■ DATA PROVIDED ■
++++

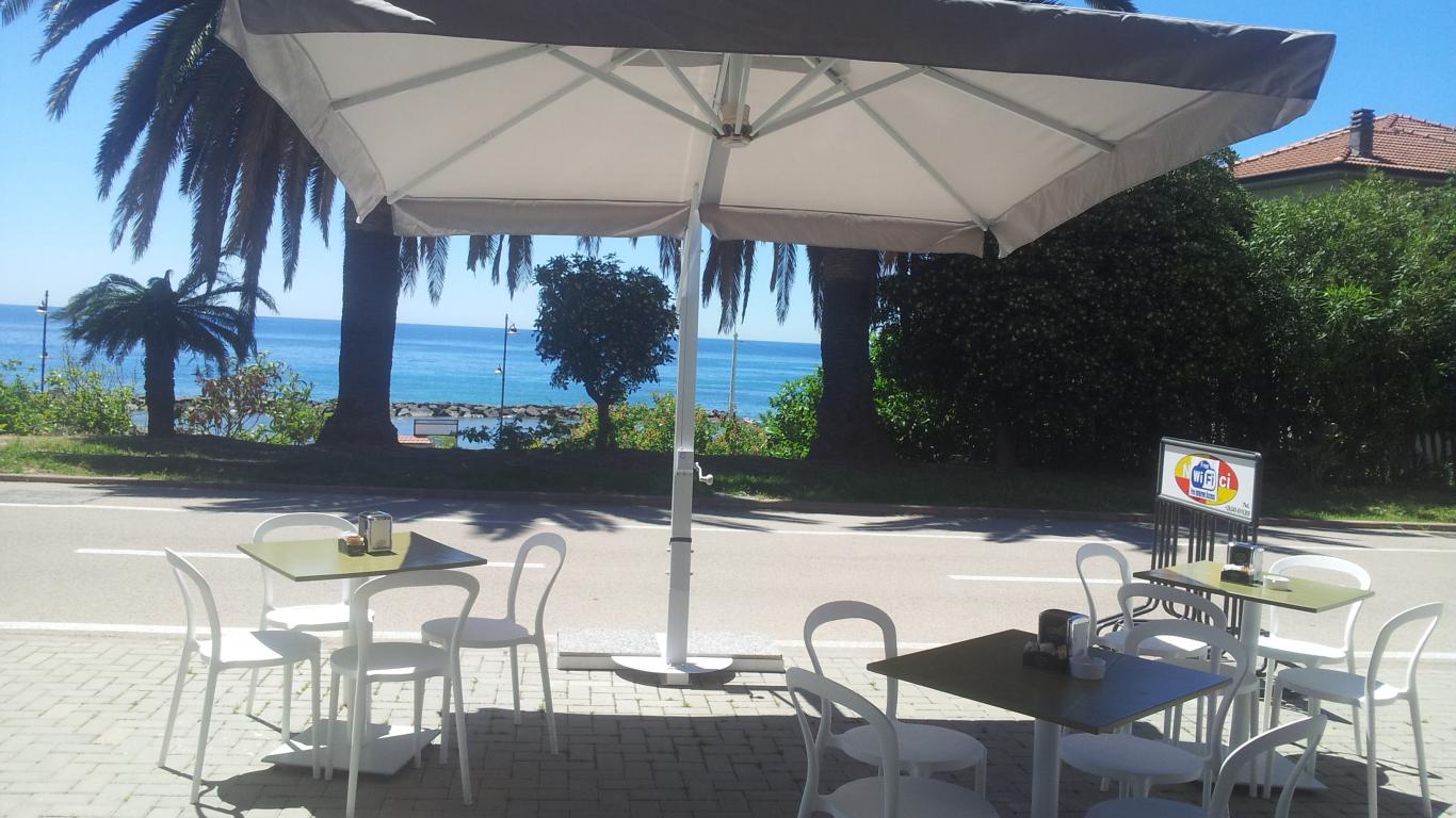 Обои Кафе на набережной в Санто Стефано аль Маре, Италия
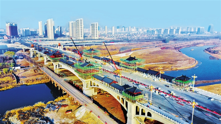 11月25日,清徐县汾河文源大桥桥梁区的古建筑安装建设在有序推进。大桥建成后,将提升城南交通的容纳力、承载力。
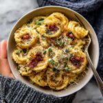 This creamy roasted garlic butternut squash pasta combines the natural sweetness of roasted butternut squash and garlic with savory herbs, melted cheeses, and crispy prosciutto for a comforting and flavorful dish. The squash and garlic are roasted to tender perfection, pureed into a smooth sauce enriched with ricotta, gouda, and parmesan, then tossed with perfectly cooked pasta and finished with buttery herb-infused notes and crispy prosciutto.
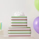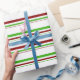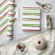 This Christmas inspired design features a green, white, and red coloured striped pattern. Wrapping paper like this might be fun to use when preparing gifts or presents being given in celebration of a birthday, a wedding, an anniversary, or some other event.
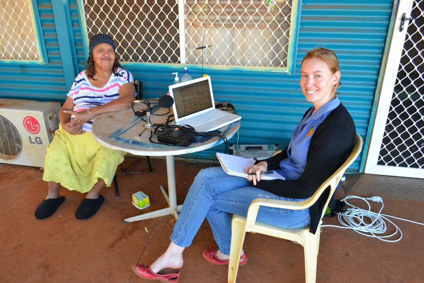 Yinhawangka Elder June Injie with former Wangka Maya Senior Linguist Jessica Mathie (photo: Amanda Hamilton).
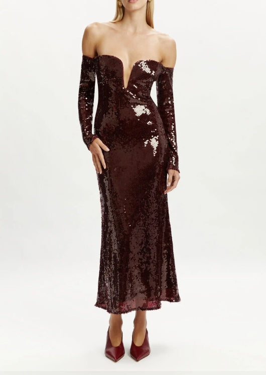 Bardot Lexter Long Sleeve Knit Dress - Chocolate
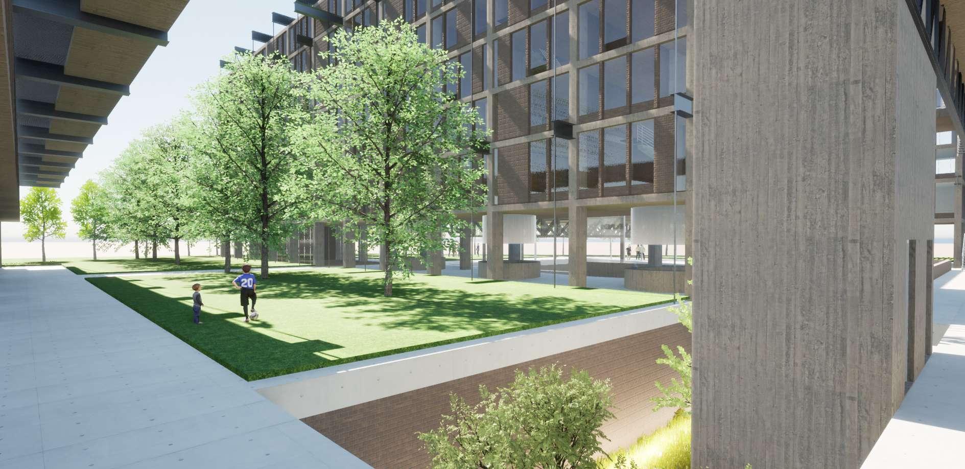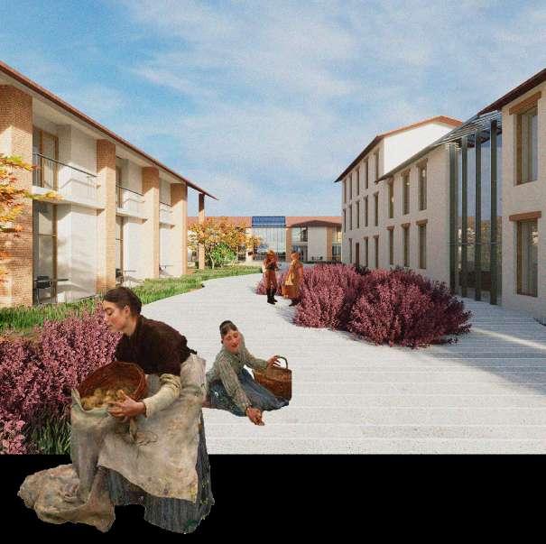 Dire ct conexion with the metro station and the sp or t facilitie (velodreme). There is a main axis with the main circulation across the projec t, but also there are many circulations perpendicular to this axis

++++

■ REQUIRED WORK ■
The lines wanted run from the first one in the material above through the line containing "Bardot Lexter Long"; give them again exactly, leaving out the pictures.

■ PROBLEM SOLUTION ■
 Обои Кафе на набережной в Санто Стефано аль Маре, Италия
 11月25日,清徐县汾河文源大桥桥梁区的古建筑安装建设在有序推进。大桥建成后,将提升城南交通的容纳力、承载力。
 This creamy roasted garlic butternut squash pasta combines the natural sweetness of roasted butternut squash and garlic with savory herbs, melted cheeses, and crispy prosciutto for a comforting and flavorful dish. The squash and garlic are roasted to tender perfection, pureed into a smooth sauce enriched with ricotta, gouda, and parmesan, then tossed with perfectly cooked pasta and finished with buttery herb-infused notes and crispy prosciutto.
 This Christmas inspired design features a green, white, and red coloured striped pattern. Wrapping paper like this might be fun to use when preparing gifts or presents being given in celebration of a birthday, a wedding, an anniversary, or some other event.
 Yinhawangka Elder June Injie with former Wangka Maya Senior Linguist Jessica Mathie (photo: Amanda Hamilton).
 Bardot Lexter Long Sleeve Knit Dress - Chocolate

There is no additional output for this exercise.